START Dataset excerpt

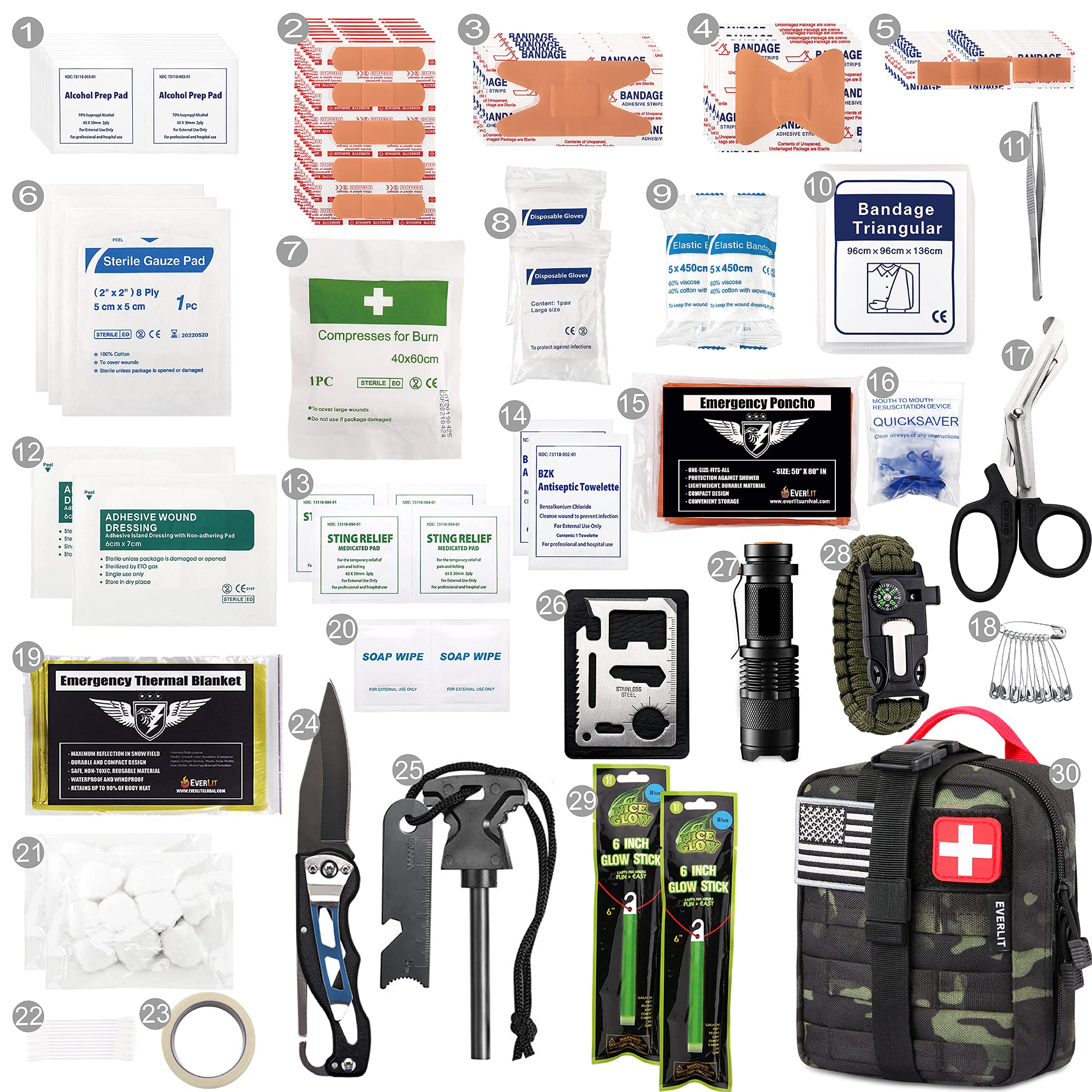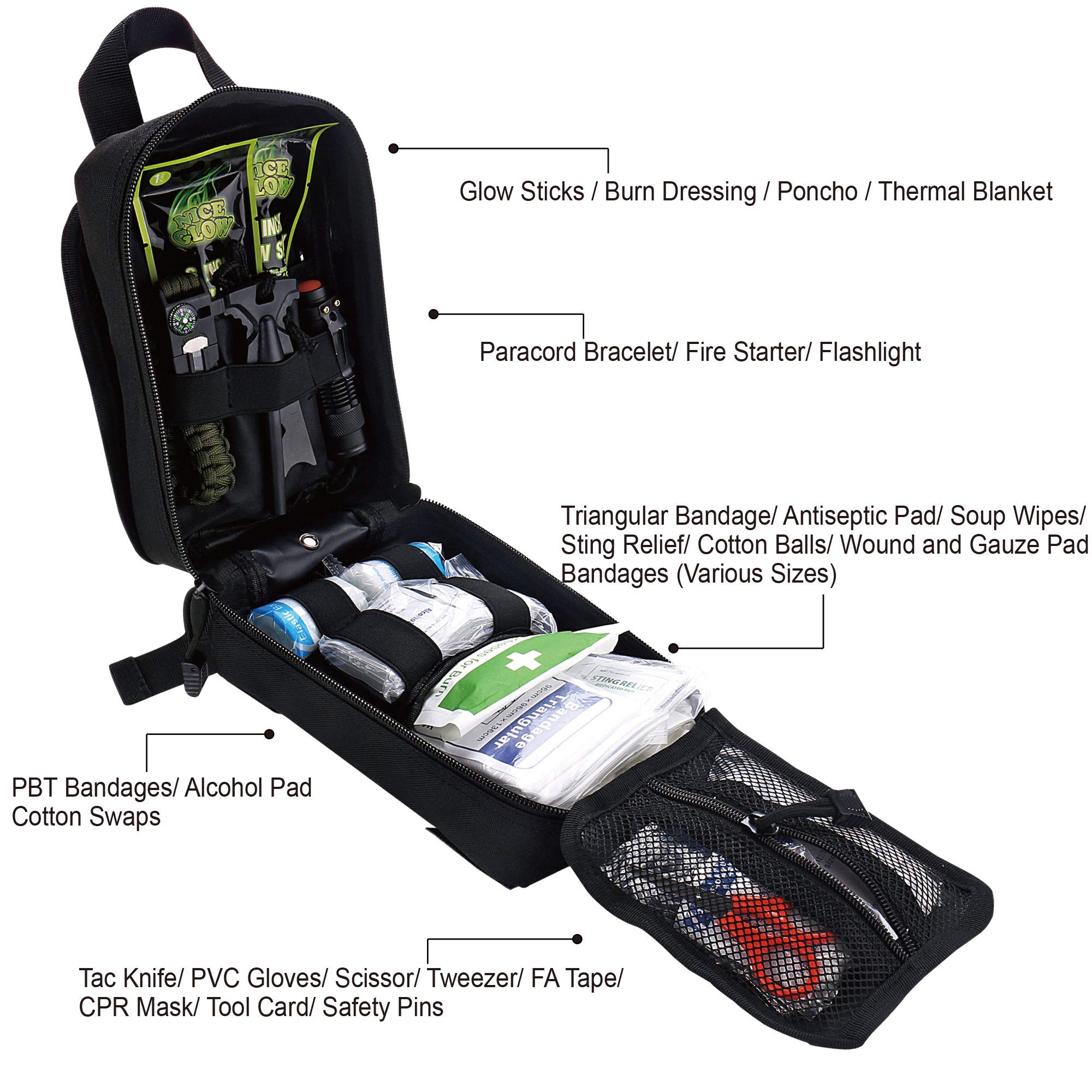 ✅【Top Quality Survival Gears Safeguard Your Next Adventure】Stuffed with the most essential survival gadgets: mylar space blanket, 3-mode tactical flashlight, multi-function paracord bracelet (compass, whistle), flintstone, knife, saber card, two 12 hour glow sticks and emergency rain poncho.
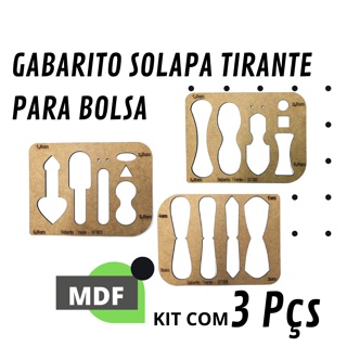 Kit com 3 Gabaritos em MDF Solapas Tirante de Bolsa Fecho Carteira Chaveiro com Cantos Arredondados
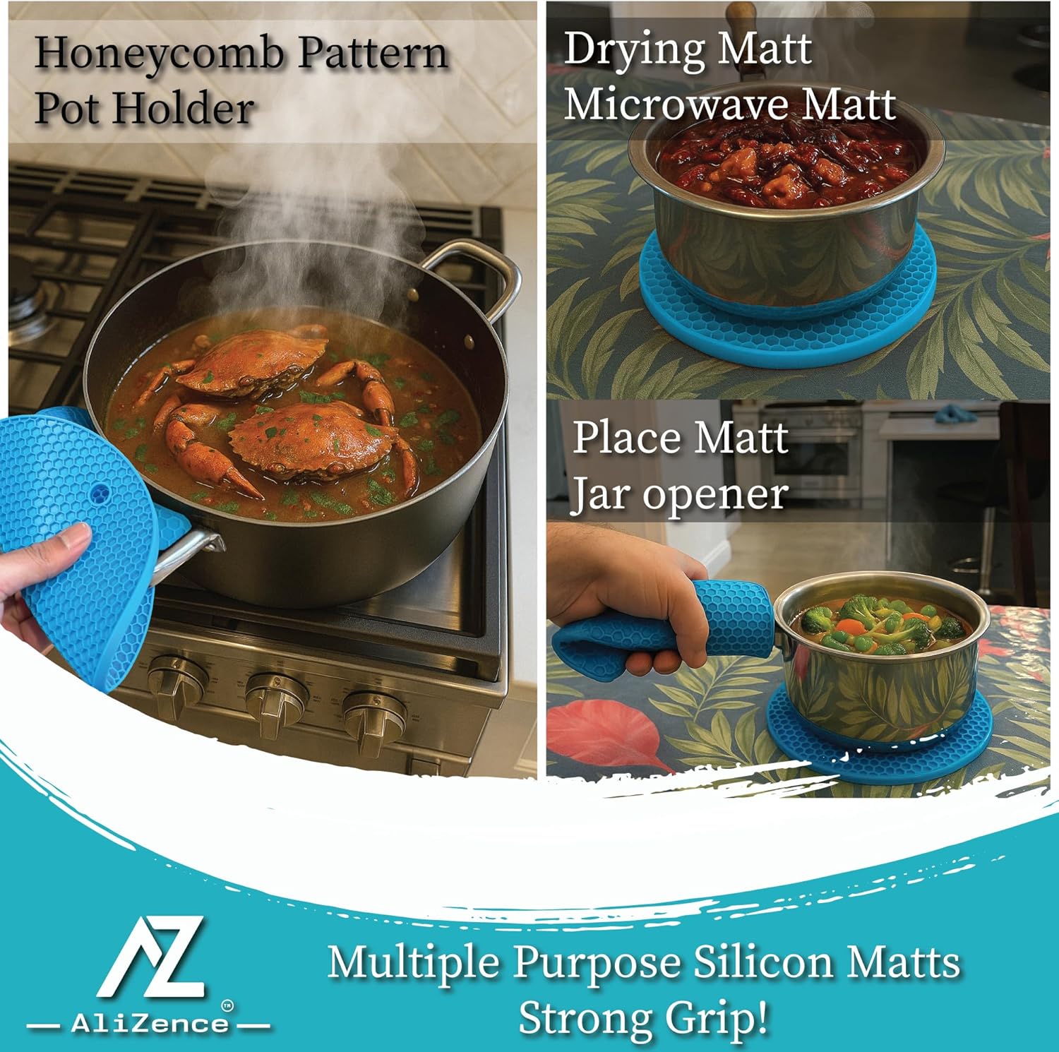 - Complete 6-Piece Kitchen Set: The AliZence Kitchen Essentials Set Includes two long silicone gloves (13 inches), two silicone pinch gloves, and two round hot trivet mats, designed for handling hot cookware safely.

END Dataset excerpt

▶ Assigned task: Restate all of the data word for word and include no pictures.

▶ Response for this exercise:
 ✅【Top Quality Survival Gears Safeguard Your Next Adventure】Stuffed with the most essential survival gadgets: mylar space blanket, 3-mode tactical flashlight, multi-function paracord bracelet (compass, whistle), flintstone, knife, saber card, two 12 hour glow sticks and emergency rain poncho.
 Kit com 3 Gabaritos em MDF Solapas Tirante de Bolsa Fecho Carteira Chaveiro com Cantos Arredondados
 - Complete 6-Piece Kitchen Set: The AliZence Kitchen Essentials Set Includes two long silicone gloves (13 inches), two silicone pinch gloves, and two round hot trivet mats, designed for handling hot cookware safely.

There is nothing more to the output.